Task instructions >> For this task, output exactly the lines of the material below starting at the line with "素材には柔らかなシリコンを採" and ending at the line with "筆の跡もムラも気にせず描くの"; pictures are to be excluded.

[Data supplied — start]

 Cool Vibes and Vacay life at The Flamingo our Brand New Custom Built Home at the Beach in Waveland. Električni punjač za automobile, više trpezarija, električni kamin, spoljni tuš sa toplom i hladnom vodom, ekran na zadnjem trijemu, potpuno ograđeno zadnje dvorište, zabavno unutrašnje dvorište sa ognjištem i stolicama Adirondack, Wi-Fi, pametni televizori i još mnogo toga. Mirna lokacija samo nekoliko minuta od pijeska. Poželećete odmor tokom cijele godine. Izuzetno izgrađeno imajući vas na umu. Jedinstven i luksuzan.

[Data supplied — finish]
[Data supplied — start]

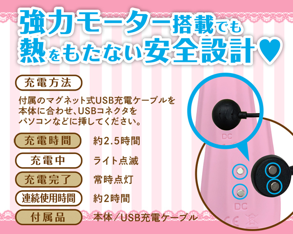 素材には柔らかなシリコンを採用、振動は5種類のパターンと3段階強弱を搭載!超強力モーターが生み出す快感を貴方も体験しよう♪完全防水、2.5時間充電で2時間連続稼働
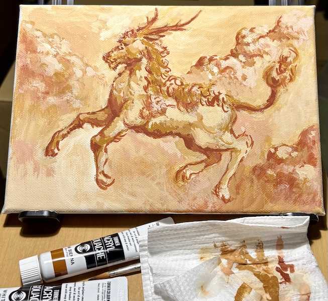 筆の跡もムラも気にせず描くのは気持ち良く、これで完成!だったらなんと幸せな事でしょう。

[Data supplied — finish]
[Data supplied — start]

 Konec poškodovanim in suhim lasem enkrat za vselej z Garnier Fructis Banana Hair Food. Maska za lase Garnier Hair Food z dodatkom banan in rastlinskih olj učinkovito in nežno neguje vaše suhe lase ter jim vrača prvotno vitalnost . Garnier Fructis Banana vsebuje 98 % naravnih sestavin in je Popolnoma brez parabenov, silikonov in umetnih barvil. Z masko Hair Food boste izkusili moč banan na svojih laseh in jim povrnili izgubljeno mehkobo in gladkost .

[Data supplied — finish]

Your solution >>
 素材には柔らかなシリコンを採用、振動は5種類のパターンと3段階強弱を搭載!超強力モーターが生み出す快感を貴方も体験しよう♪完全防水、2.5時間充電で2時間連続稼働
 筆の跡もムラも気にせず描くのは気持ち良く、これで完成!だったらなんと幸せな事でしょう。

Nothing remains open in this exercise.